* ABOUT THIS TASK
What are the lines from the one containing "2 กล่องใหญ่ ซึ่งภายในกล่องเป็นเสื้อผ้าบริจาคน้ำท่วม" through the last line of the records below? Return them exactly, leaving out pictures.

* Records from a collection
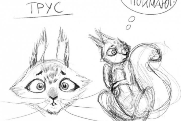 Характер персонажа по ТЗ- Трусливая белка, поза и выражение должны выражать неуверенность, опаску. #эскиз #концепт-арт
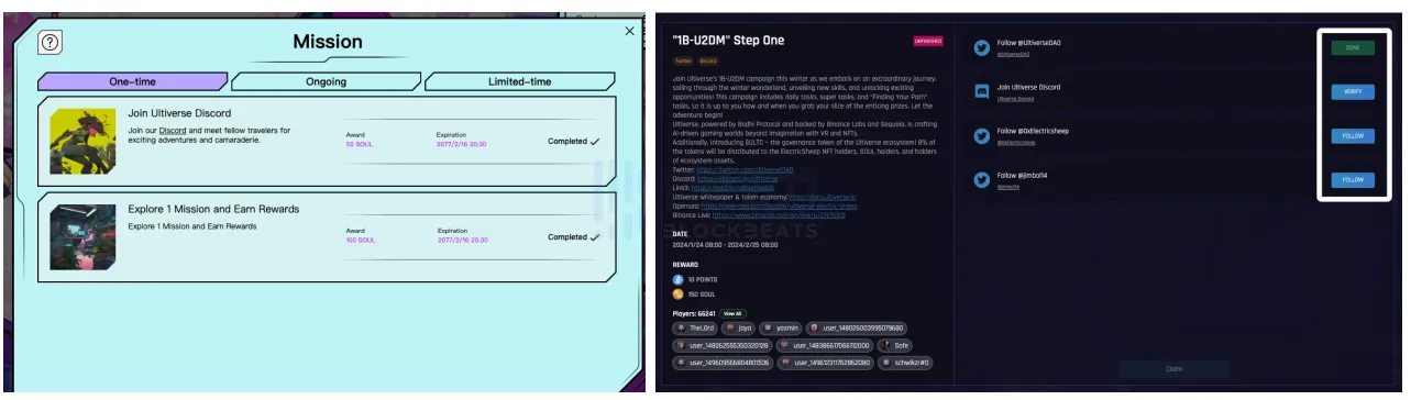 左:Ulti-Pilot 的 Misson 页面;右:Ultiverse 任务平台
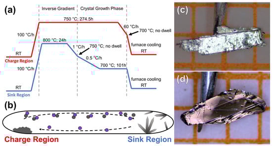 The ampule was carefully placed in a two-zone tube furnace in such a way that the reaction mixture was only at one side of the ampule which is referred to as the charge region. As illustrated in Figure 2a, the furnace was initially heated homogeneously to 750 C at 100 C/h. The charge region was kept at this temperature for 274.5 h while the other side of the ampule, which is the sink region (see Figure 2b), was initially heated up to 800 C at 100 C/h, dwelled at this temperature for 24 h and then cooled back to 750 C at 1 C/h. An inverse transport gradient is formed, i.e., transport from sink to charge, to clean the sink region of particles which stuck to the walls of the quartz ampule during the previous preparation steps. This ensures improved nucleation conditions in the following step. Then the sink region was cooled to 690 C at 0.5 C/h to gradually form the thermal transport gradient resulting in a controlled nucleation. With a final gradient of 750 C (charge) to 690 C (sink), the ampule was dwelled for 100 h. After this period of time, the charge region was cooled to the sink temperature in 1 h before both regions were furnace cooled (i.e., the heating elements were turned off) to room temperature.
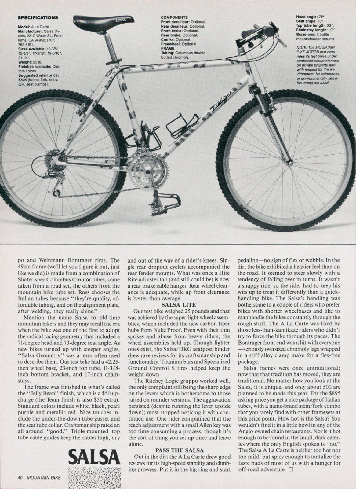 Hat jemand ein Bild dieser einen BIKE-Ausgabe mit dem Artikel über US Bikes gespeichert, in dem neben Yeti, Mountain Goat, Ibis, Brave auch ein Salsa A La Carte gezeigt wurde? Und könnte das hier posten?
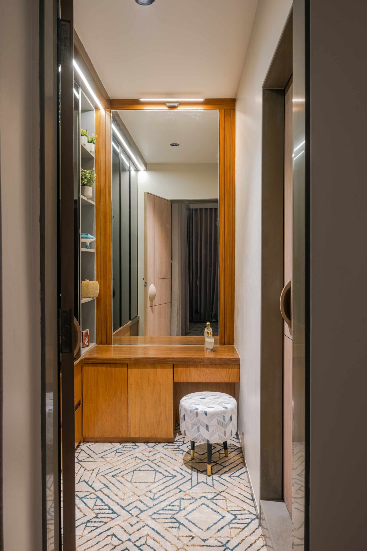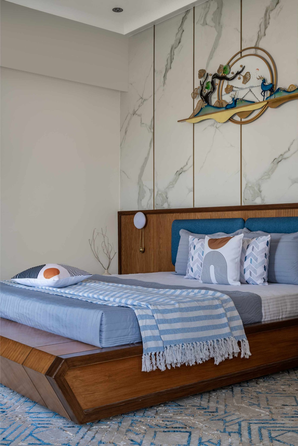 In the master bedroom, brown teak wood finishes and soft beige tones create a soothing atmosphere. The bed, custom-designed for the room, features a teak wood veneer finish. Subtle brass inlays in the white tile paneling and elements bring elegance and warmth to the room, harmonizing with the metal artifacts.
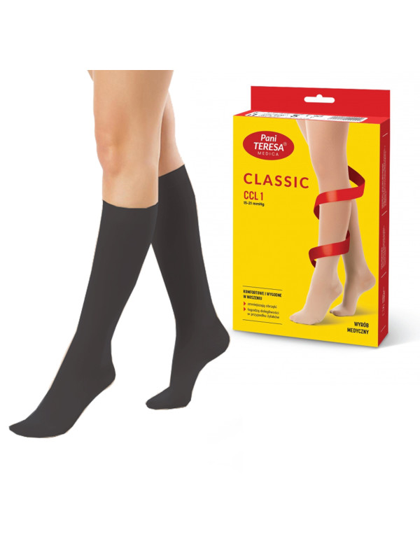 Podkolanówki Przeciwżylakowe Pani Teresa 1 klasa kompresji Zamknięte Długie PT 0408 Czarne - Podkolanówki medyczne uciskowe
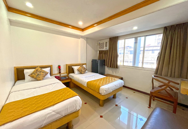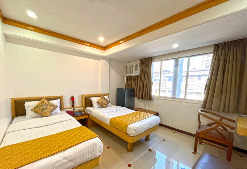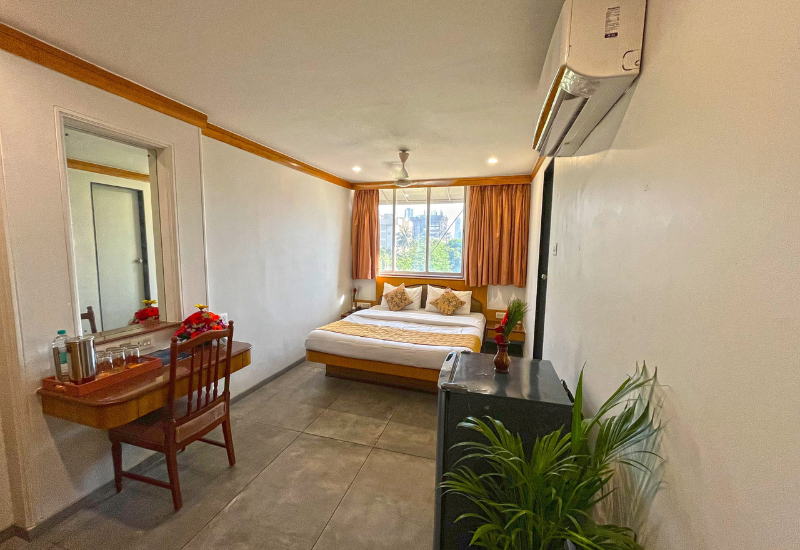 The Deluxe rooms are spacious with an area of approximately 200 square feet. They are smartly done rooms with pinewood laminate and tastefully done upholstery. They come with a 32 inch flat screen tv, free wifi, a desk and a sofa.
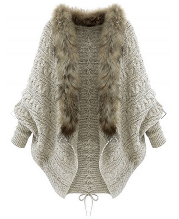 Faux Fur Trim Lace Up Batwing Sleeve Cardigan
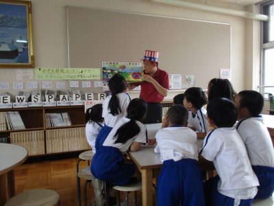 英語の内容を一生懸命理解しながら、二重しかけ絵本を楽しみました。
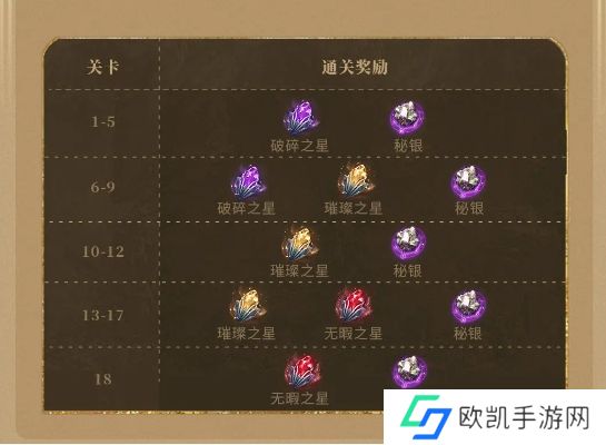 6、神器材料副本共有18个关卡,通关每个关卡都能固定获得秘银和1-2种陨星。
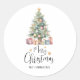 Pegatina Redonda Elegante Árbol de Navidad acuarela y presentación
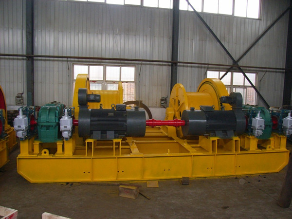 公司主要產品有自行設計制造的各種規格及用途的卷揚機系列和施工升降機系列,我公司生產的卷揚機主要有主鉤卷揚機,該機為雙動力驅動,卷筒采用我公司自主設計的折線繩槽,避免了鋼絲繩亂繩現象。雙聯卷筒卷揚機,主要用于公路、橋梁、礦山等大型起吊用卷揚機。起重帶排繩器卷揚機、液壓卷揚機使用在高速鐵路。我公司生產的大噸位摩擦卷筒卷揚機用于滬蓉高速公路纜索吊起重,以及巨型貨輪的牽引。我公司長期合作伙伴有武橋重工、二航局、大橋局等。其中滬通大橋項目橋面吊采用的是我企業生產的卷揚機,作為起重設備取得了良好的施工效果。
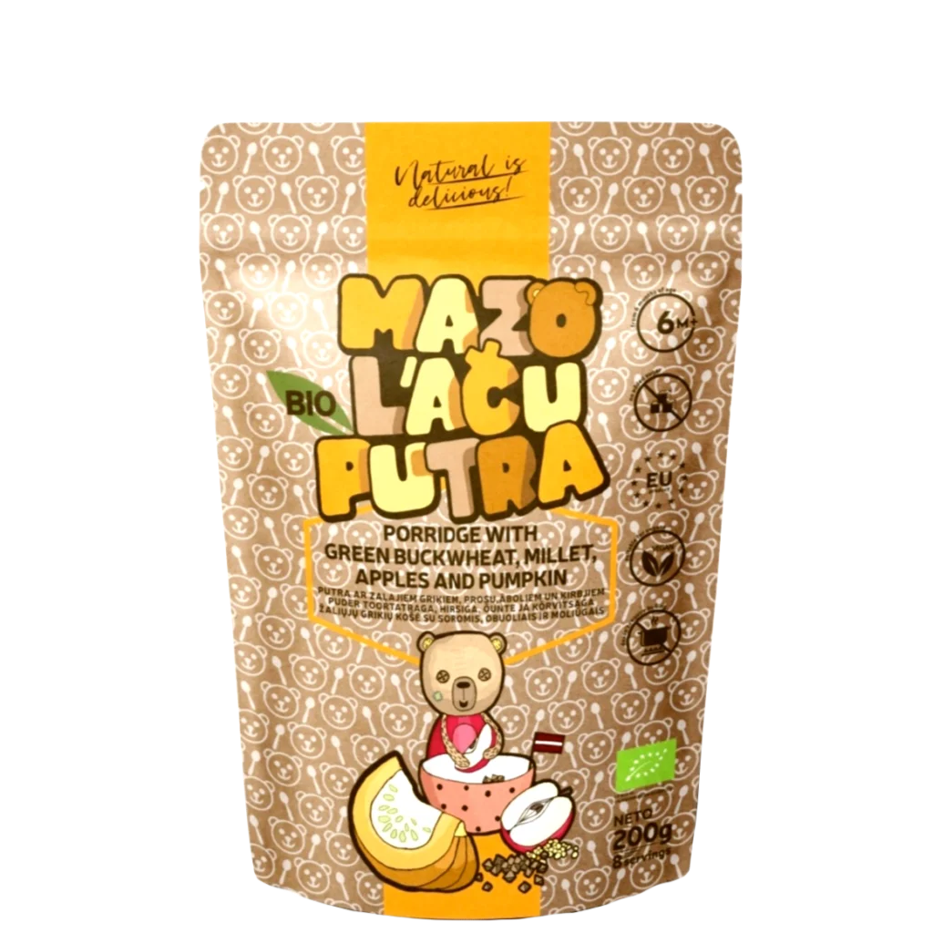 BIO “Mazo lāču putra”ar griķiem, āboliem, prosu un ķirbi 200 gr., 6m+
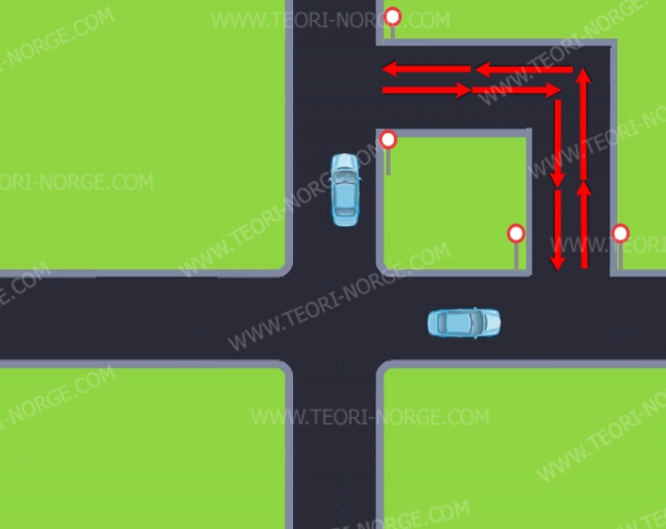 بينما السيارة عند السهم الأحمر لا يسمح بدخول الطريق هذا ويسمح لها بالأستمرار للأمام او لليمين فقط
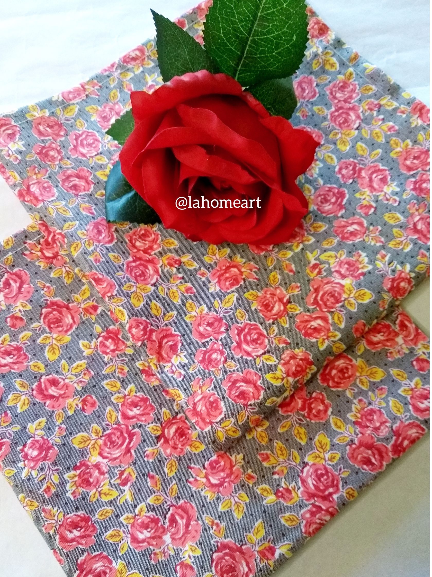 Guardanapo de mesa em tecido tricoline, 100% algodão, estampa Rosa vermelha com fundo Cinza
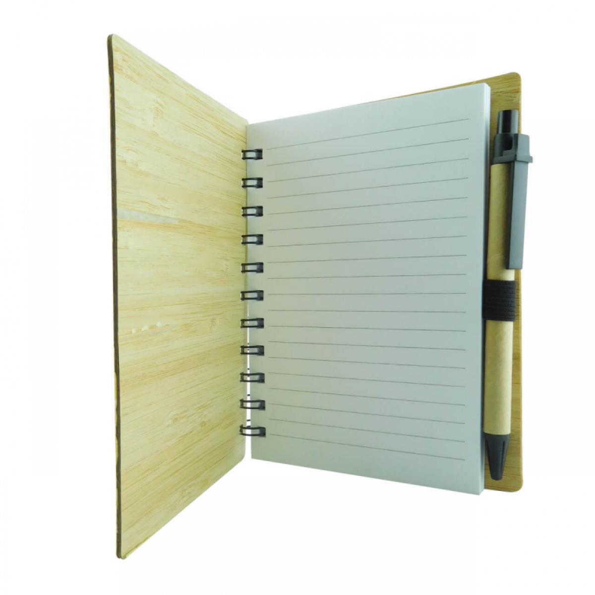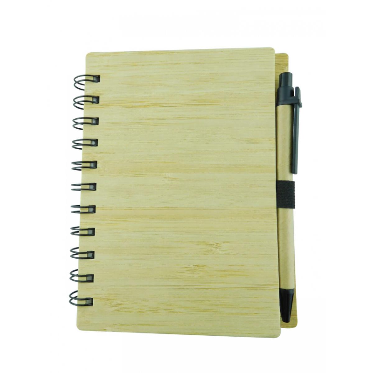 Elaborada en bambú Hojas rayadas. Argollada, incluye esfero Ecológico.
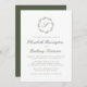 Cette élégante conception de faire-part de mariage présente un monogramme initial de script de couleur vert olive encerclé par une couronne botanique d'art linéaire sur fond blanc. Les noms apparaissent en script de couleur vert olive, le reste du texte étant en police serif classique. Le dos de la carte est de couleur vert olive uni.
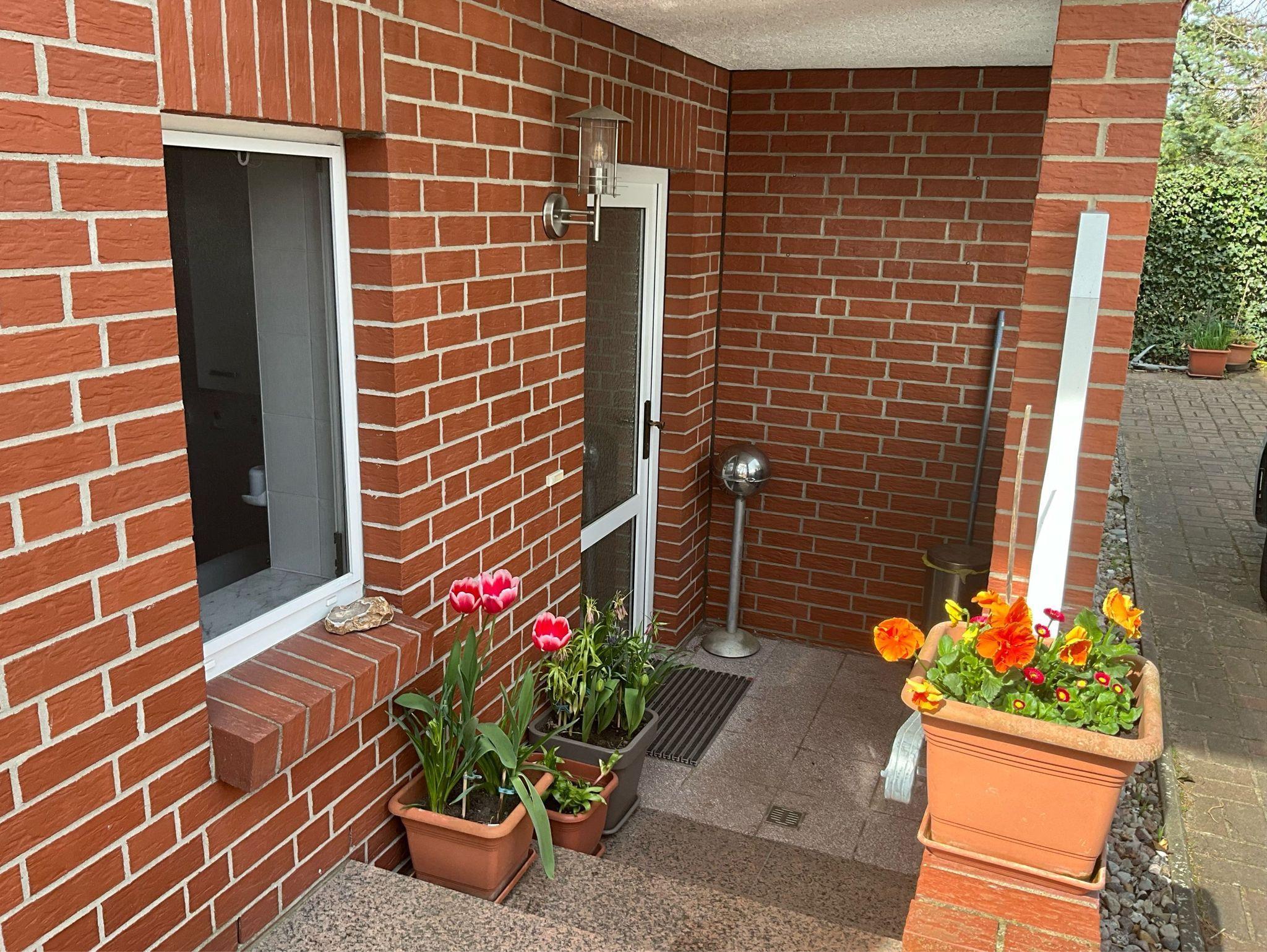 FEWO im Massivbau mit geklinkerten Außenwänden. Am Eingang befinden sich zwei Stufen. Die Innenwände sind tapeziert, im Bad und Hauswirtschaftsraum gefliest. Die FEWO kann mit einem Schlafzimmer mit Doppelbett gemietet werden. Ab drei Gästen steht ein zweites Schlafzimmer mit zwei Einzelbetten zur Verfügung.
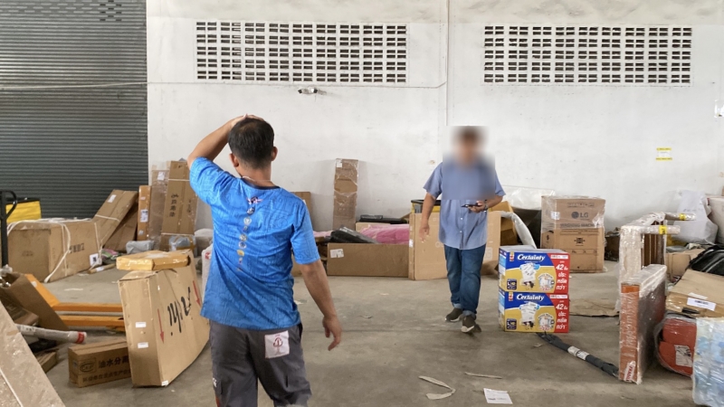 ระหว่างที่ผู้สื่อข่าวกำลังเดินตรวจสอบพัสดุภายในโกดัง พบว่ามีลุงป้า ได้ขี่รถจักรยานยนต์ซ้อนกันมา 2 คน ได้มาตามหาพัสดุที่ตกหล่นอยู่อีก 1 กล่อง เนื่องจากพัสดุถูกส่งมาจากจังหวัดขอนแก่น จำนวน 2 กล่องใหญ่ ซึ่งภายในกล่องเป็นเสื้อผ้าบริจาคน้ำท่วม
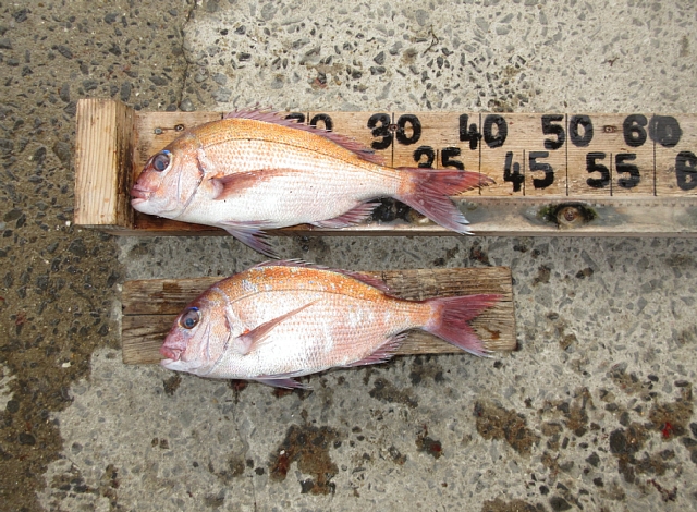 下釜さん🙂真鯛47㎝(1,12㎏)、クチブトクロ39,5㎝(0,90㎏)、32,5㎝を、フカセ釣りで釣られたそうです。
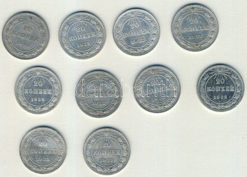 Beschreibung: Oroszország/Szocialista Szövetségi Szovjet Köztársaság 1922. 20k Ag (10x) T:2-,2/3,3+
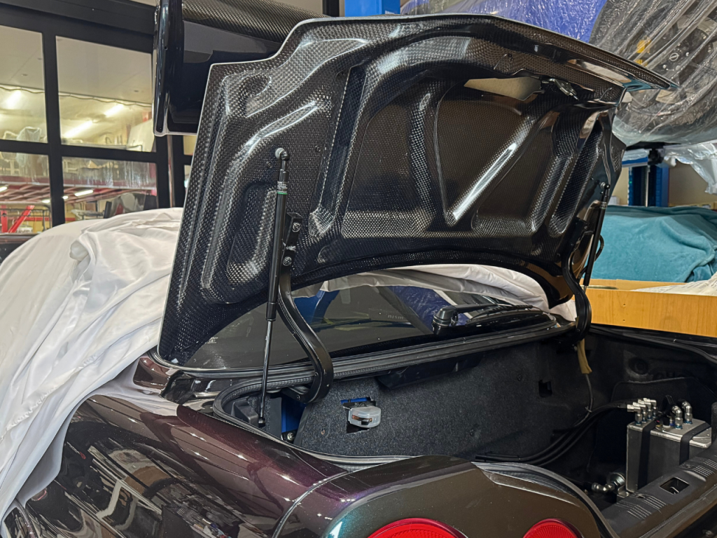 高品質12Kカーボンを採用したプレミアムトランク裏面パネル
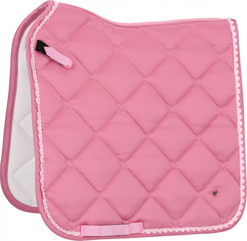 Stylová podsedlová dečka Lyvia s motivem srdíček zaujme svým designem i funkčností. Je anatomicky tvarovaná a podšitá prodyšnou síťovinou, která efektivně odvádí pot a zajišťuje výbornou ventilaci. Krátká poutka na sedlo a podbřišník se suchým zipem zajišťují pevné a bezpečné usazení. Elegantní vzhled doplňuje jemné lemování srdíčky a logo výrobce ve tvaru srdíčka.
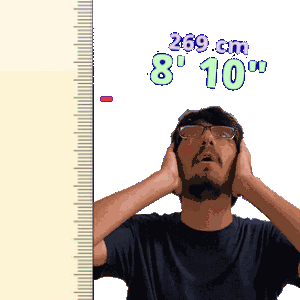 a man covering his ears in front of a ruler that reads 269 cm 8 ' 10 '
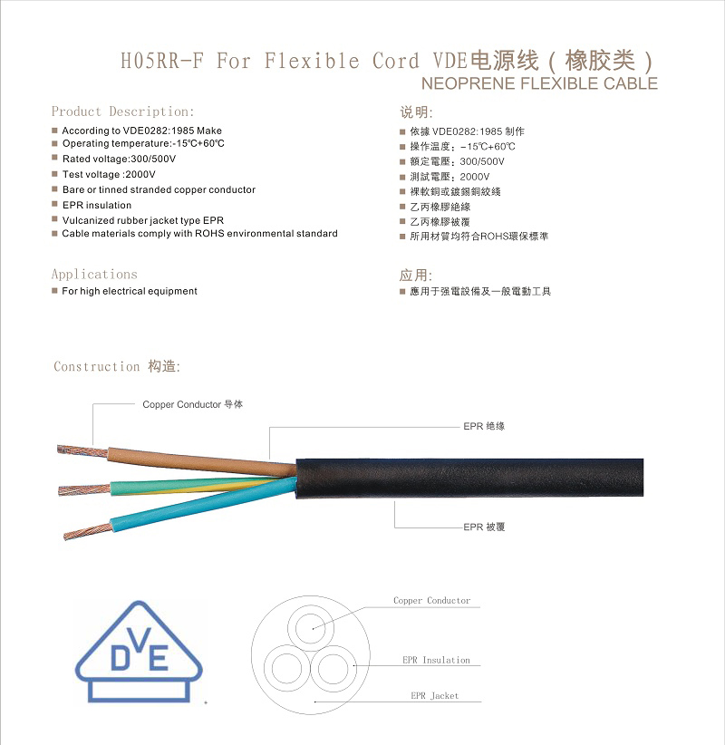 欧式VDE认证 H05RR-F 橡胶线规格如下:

* RESPONSE TO THIS EXERCISE
 ระหว่างที่ผู้สื่อข่าวกำลังเดินตรวจสอบพัสดุภายในโกดัง พบว่ามีลุงป้า ได้ขี่รถจักรยานยนต์ซ้อนกันมา 2 คน ได้มาตามหาพัสดุที่ตกหล่นอยู่อีก 1 กล่อง เนื่องจากพัสดุถูกส่งมาจากจังหวัดขอนแก่น จำนวน 2 กล่องใหญ่ ซึ่งภายในกล่องเป็นเสื้อผ้าบริจาคน้ำท่วม
 下釜さん🙂真鯛47㎝(1,12㎏)、クチブトクロ39,5㎝(0,90㎏)、32,5㎝を、フカセ釣りで釣られたそうです。
 Beschreibung: Oroszország/Szocialista Szövetségi Szovjet Köztársaság 1922. 20k Ag (10x) T:2-,2/3,3+
 高品質12Kカーボンを採用したプレミアムトランク裏面パネル
 Stylová podsedlová dečka Lyvia s motivem srdíček zaujme svým designem i funkčností. Je anatomicky tvarovaná a podšitá prodyšnou síťovinou, která efektivně odvádí pot a zajišťuje výbornou ventilaci. Krátká poutka na sedlo a podbřišník se suchým zipem zajišťují pevné a bezpečné usazení. Elegantní vzhled doplňuje jemné lemování srdíčky a logo výrobce ve tvaru srdíčka.
 a man covering his ears in front of a ruler that reads 269 cm 8 ' 10 '
 欧式VDE认证 H05RR-F 橡胶线规格如下:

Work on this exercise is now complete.